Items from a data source

# # # # #

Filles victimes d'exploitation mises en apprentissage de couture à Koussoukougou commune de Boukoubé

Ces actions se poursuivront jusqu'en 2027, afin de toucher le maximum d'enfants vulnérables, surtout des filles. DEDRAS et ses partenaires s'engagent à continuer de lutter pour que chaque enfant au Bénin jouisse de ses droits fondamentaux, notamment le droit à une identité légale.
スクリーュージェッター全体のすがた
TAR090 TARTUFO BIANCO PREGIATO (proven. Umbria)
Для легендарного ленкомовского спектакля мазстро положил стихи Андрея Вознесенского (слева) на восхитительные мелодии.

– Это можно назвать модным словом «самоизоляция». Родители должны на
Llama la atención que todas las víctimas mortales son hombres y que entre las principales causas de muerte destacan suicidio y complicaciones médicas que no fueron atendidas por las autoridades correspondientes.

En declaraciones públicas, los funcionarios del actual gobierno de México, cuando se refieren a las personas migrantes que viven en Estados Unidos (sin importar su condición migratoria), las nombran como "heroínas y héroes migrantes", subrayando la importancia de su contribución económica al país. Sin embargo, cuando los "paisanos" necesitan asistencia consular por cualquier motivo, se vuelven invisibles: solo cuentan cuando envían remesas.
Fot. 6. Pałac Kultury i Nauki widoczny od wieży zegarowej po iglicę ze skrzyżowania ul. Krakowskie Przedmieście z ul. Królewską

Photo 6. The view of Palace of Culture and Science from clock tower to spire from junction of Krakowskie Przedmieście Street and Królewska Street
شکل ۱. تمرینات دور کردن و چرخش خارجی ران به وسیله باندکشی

# # # # #

Task instructions: Working through the data above, find every line holding "Przedmieście" and copy it.

Result of this task:
Fot. 6. Pałac Kultury i Nauki widoczny od wieży zegarowej po iglicę ze skrzyżowania ul. Krakowskie Przedmieście z ul. Królewską
Photo 6. The view of Palace of Culture and Science from clock tower to spire from junction of Krakowskie Przedmieście Street and Królewska Street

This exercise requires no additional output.